++++ DATA IN THIS EXERCISE ++++
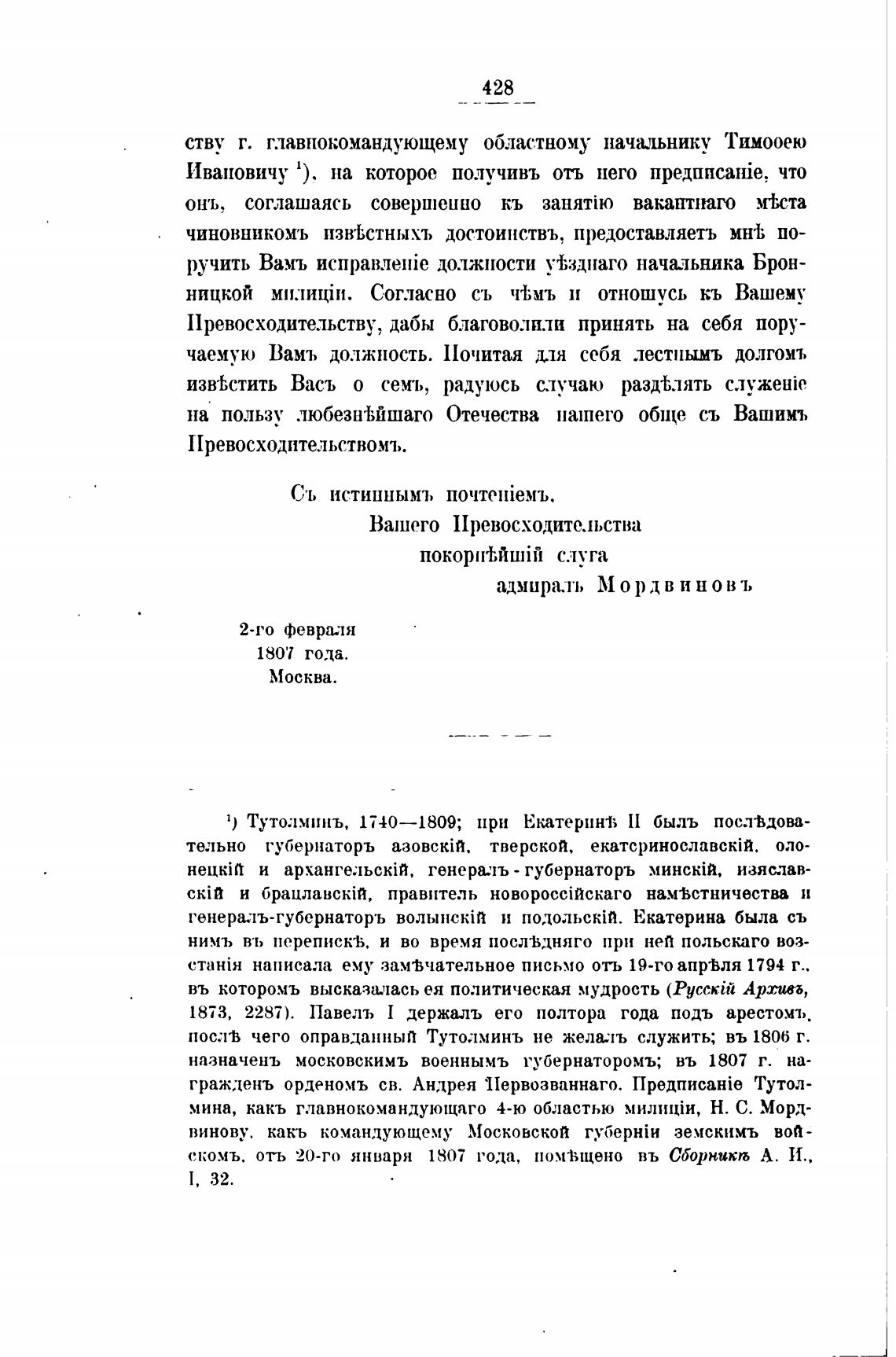 1) Тутолмннъ, 1740—1809; при Екатеринј; П быль посл•Вдова-
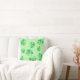 A shamrock is made from a collage of shamrocks, in shades of green, and is printed in various positions on custom pillows. There are multiple shamrocks on one side, and one of these shamrocks on the reverse side. The background colour of light green can be customised.
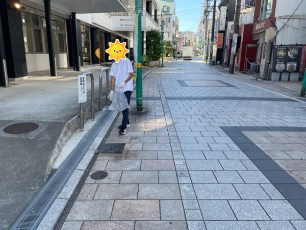飲食店が多い通りのため、タバコの吸い殻がなんとおおいことか、、、
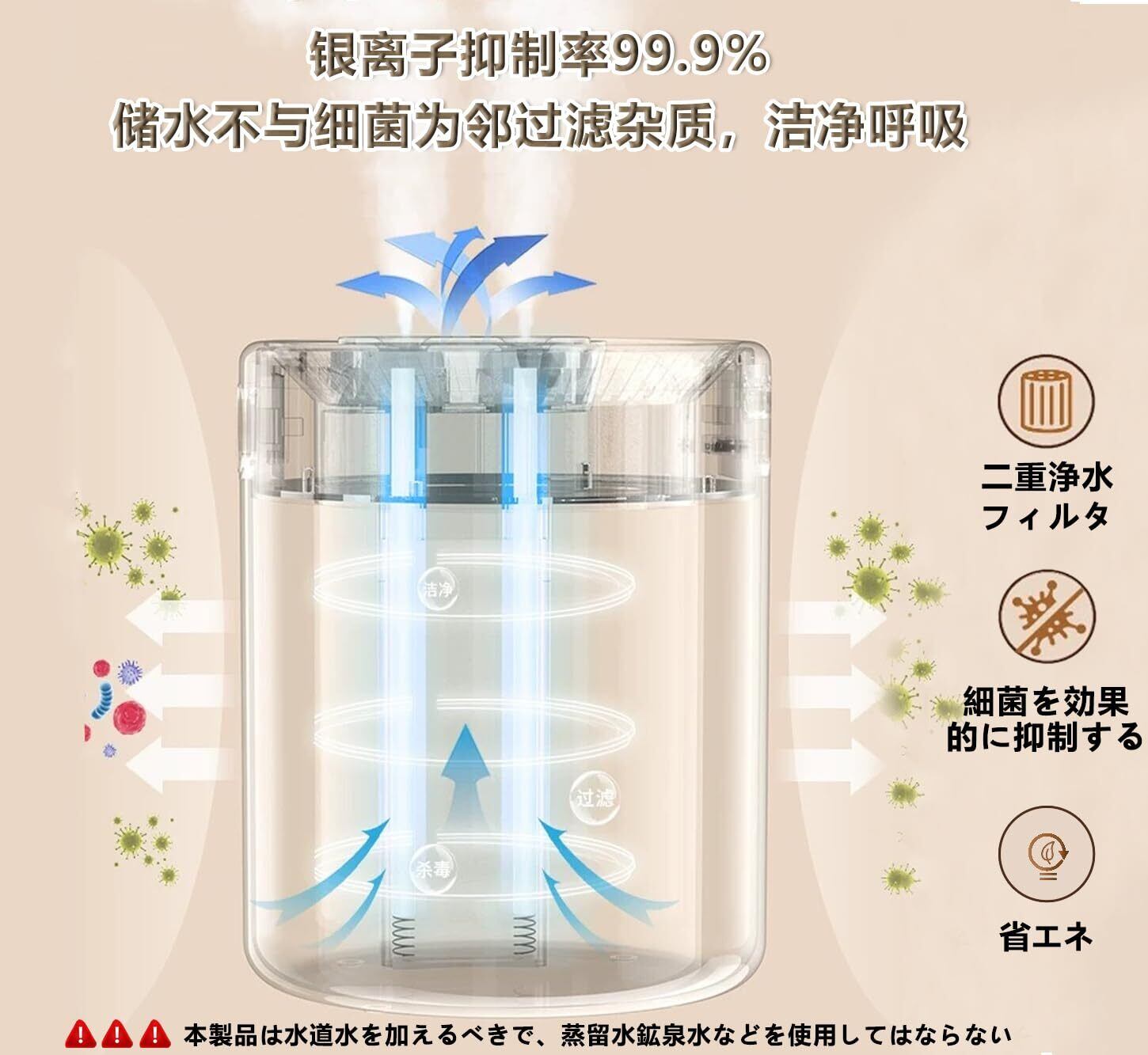 ご使用前に必ず取扱説明書をご覧ください。 【2024新一体化設計・省エネ・極静音】加湿器 大容量 強力な30〜40cm噴霧高度を実現するこの 卓上加湿器 は、その力強さであなたの部屋を瞬時に心地よく潤す 卓上加湿器 。 加湿器 うるおい パワフル加湿で、幅広い空間でもしっかりと湿度をキープ。デスクは濡れず、心地よい環境を手軽に作り出す 加湿器. さらに、この 加湿器 卓上 は極静音、僅か25dBの運転音で、静かな環境を邪魔することはありません。無音レベルの運転で、究極のうるおい体験をご提供な 超音波加湿器 です。寝ている間も、勉強や仕事中も、気にならない心地よさを。 注意:あらかじめ吸水芯を濡らしておくとミストの出方が早くなります。片側が曇っている場合は、まず下にバネがあるかどうかをチェックし、綿棒のもう一方の端を使用します。
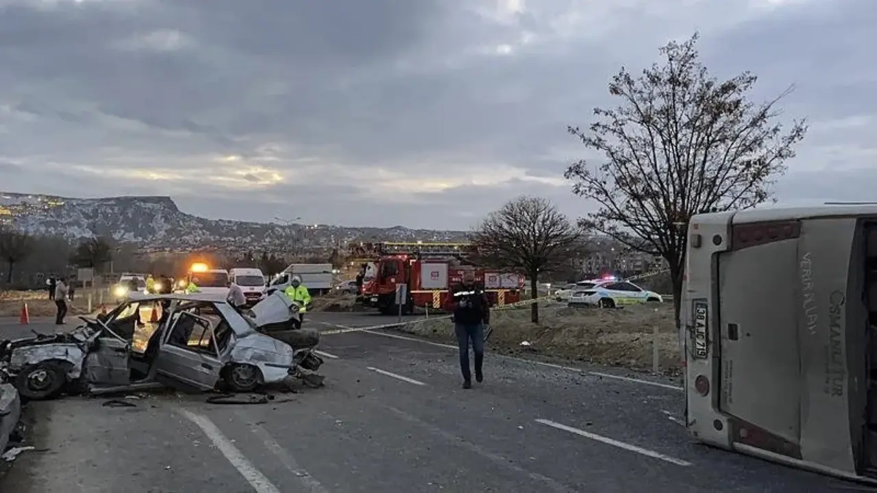 Nevşehir'in Ürgüp ilçesinde, üniversite öğrencilerini taşıyan bir midibüs ile otomobil çarpıştı. Kayseri istikametine doğru hareket eden Hamdi D. yönetimindeki midibüs, Ferhat B. yönetimindeki otomobille çarpıştı. Çarpışmanın şiddetiyle midibüs devrildi.
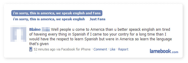 How are Blaine or any of the other “Speak English!” people who keep showing up on Lamebook (which, by the way, got old the second, third or twelfth time) being hypocrites? None of them are saying “This is America–learn how to write well.” Blaine and others are concerned with conversational English, which is drastically different from correctly-written English. Just because you use bad grammar on the Internet–like 95% of the world’s population does–doesn’t mean you can’t speak English and therefore don’t have any business telling others to learn to do so.
++++
WORK REQUIRED = The full set of entries should be transcribed exactly, pictures left aside.

RESULT OF THIS EXERCISE =
 1) Тутолмннъ, 1740—1809; при Екатеринј; П быль посл•Вдова-
 A shamrock is made from a collage of shamrocks, in shades of green, and is printed in various positions on custom pillows. There are multiple shamrocks on one side, and one of these shamrocks on the reverse side. The background colour of light green can be customised.
飲食店が多い通りのため、タバコの吸い殻がなんとおおいことか、、、
 ご使用前に必ず取扱説明書をご覧ください。 【2024新一体化設計・省エネ・極静音】加湿器 大容量 強力な30〜40cm噴霧高度を実現するこの 卓上加湿器 は、その力強さであなたの部屋を瞬時に心地よく潤す 卓上加湿器 。 加湿器 うるおい パワフル加湿で、幅広い空間でもしっかりと湿度をキープ。デスクは濡れず、心地よい環境を手軽に作り出す 加湿器. さらに、この 加湿器 卓上 は極静音、僅か25dBの運転音で、静かな環境を邪魔することはありません。無音レベルの運転で、究極のうるおい体験をご提供な 超音波加湿器 です。寝ている間も、勉強や仕事中も、気にならない心地よさを。 注意:あらかじめ吸水芯を濡らしておくとミストの出方が早くなります。片側が曇っている場合は、まず下にバネがあるかどうかをチェックし、綿棒のもう一方の端を使用します。
 Nevşehir'in Ürgüp ilçesinde, üniversite öğrencilerini taşıyan bir midibüs ile otomobil çarpıştı. Kayseri istikametine doğru hareket eden Hamdi D. yönetimindeki midibüs, Ferhat B. yönetimindeki otomobille çarpıştı. Çarpışmanın şiddetiyle midibüs devrildi.
 How are Blaine or any of the other “Speak English!” people who keep showing up on Lamebook (which, by the way, got old the second, third or twelfth time) being hypocrites? None of them are saying “This is America–learn how to write well.” Blaine and others are concerned with conversational English, which is drastically different from correctly-written English. Just because you use bad grammar on the Internet–like 95% of the world’s population does–doesn’t mean you can’t speak English and therefore don’t have any business telling others to learn to do so.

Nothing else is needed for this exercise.